**GOAL OF THE EXERCISE**
Among the entries that follow, locate the line with "certificate of authenticity." and the line with "Warm Grays Benjamin". Output those lines and all lines in between, exactly, minus the pictures.
(Beginning of RECORD EXCERPTS)
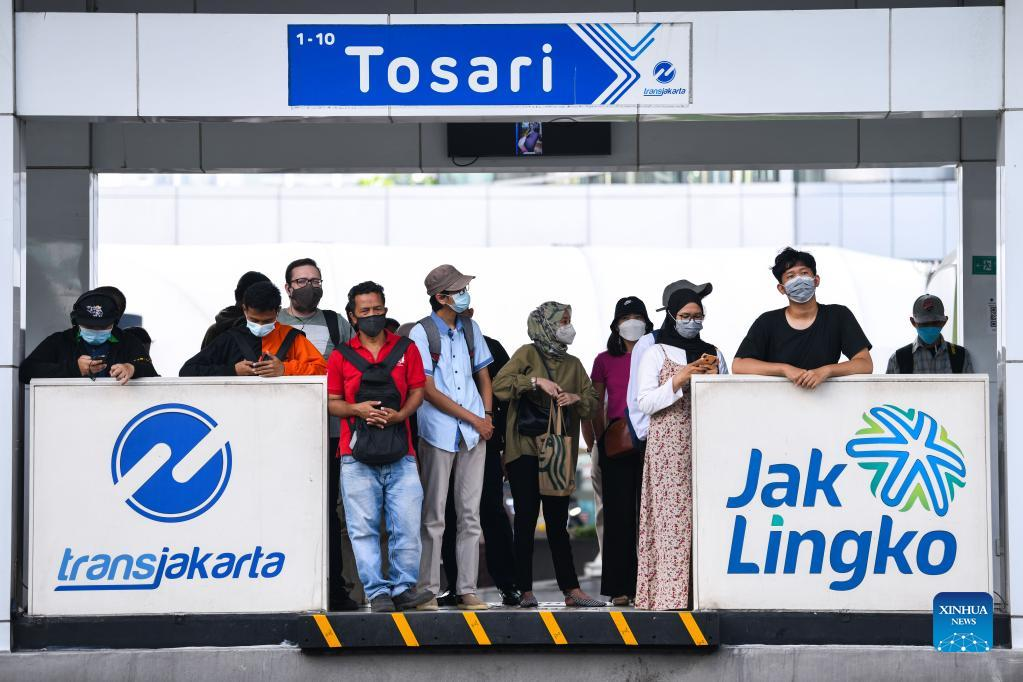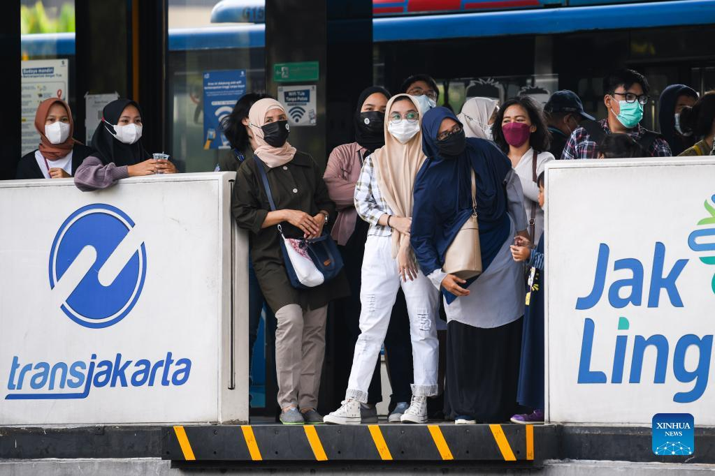 People wearing masks wait for buses at a bus stop in Jakarta, Indonesia, March 28, 2022. Indonesia has registered more than 6 million cases of COVID-19 since the first case was confirmed in the country in March 2020. On Monday, the Health Ministry reported that the coronavirus cases across the archipelago rose by 2,798 within the past 24 hours to 6,001,751 with the death toll adding by 104 to 154,774. (Xinhua/Xu Qin)
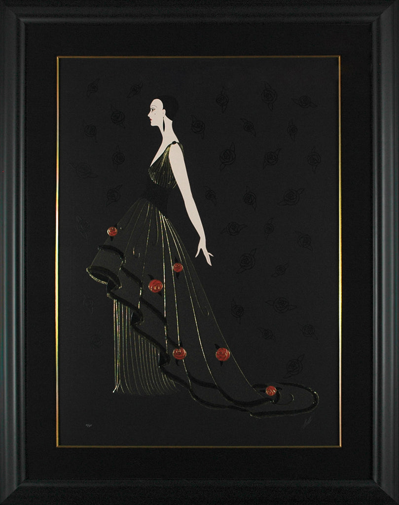 "Rose Gown" is an embossed serigraph with foil stamping created by Erté in 1989. From the edition of 649, the artwork is signed 'Erté' lower right. The image size is 30 x 23" and the artwork is framed in a contemporary, black frame. The artwork ships framed and accompanied by a certificate of authenticity.
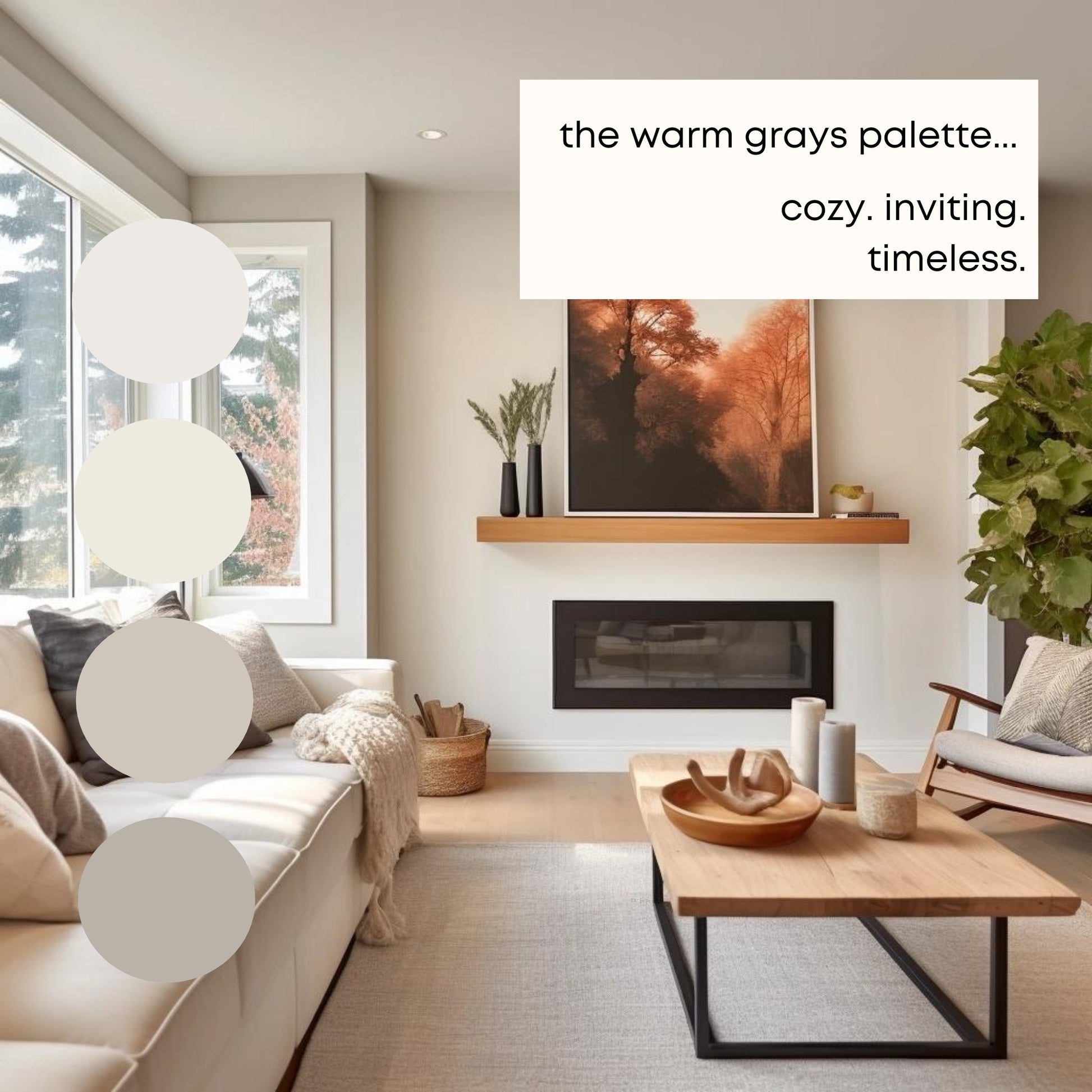 Warm Grays Benjamin Moore Paint Palette - Modern Neutral Interior Paint Colors for Home - Coordinating Interior Design Color Palette, Benjamin Moore Collingwood
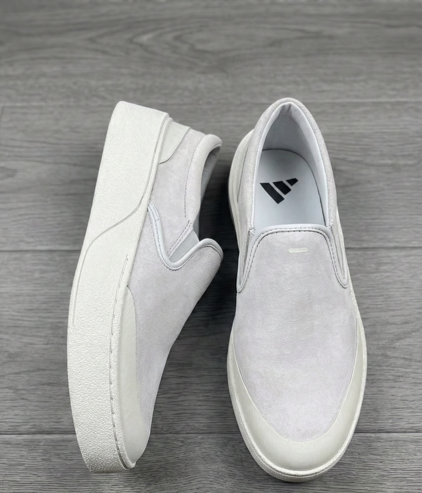 这双adidas LABCOURT LIGHT浅灰麂皮一脚蹬,算是近期挖到的“懒人友好型”休闲鞋宝藏款,从设计到上脚体验都踩中了日常穿搭的核心需求,具体测评如下: ✅ 亮点 1. 材质与质感在线 鞋面选用浅灰色麂皮,触感细腻且自带高级哑光质感,鞋头的橡胶包边既耐穿又中和了麂皮的娇气,米白色橡胶大底做了轻微做旧处理,复古感拉满。 2. 一脚蹬设计超便捷 无鞋带的套脚结构,穿脱一秒搞定,通勤赶时...
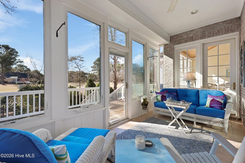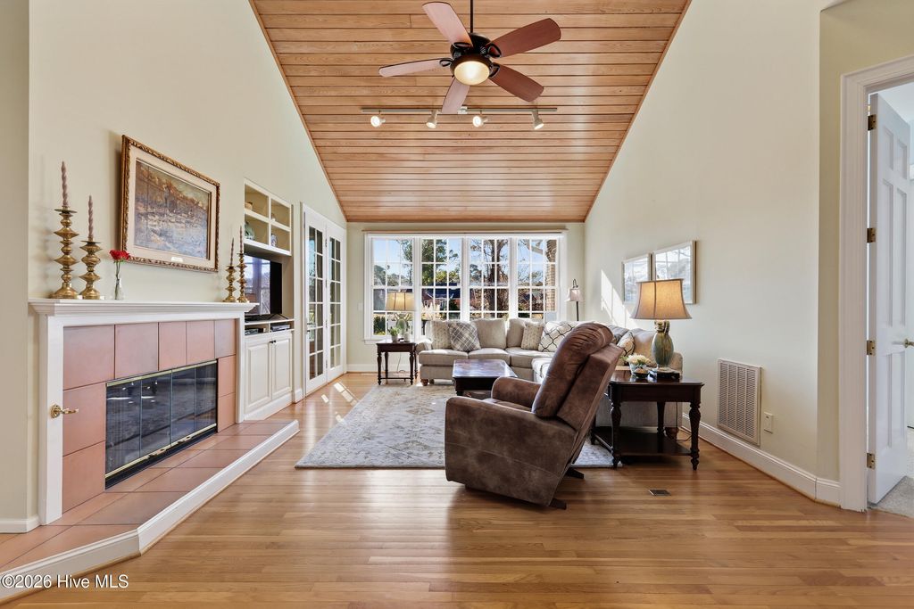 Located within the gated community of Porters Neck Country Club, this all-brick, three-bedroom, three-bath residence offers desirable first-floor living with a versatile loft and sweeping views of the 10th fairway. Ideally positioned near the clubhouse, recreation center, and pool, this home combines convenience, comfort, and golf course living. With sought-after southern exposure, natural light fills the interior while the rear deck captures picturesque fairway views--perfect for enjoying morning coffee or evening sunsets. Inside, dramatic two-story tongue-and-groove ceilings and skylights enhance the open-concept living space, creating warmth, architectural character, and an airy feel throughout. The renovated and expanded kitchen features updated cabinetry, quartz countertops, and seamless flow into the dining area and sunroom--ideal for entertaining or everyday living. A two-sided fireplace anchors the living and dining rooms, adding charm and functional elegance. The main-level primary suite allows for easy living, while a secondary bedroom with built-in shelving (currently used as a home office) offers flexibility. A spacious loft provides additional living space--perfect for a media room, creative studio, or private retreat. Enjoy access to award-winning golf, tennis, pickleball, bocce, fitness facilities, and resort-style swimming within Porters Neck Country Club. Located less than one mile from the Intracoastal Waterway, this home offers convenient access to boating and coastal recreation. A rare opportunity to enjoy golf course views, low-maintenance brick construction, and an active coastal lifestyle in one of Wilmington's premier gated communities.
(End of RECORD EXCERPTS)
**WRITTEN ANSWER**
 "Rose Gown" is an embossed serigraph with foil stamping created by Erté in 1989. From the edition of 649, the artwork is signed 'Erté' lower right. The image size is 30 x 23" and the artwork is framed in a contemporary, black frame. The artwork ships framed and accompanied by a certificate of authenticity.
 Warm Grays Benjamin Moore Paint Palette - Modern Neutral Interior Paint Colors for Home - Coordinating Interior Design Color Palette, Benjamin Moore Collingwood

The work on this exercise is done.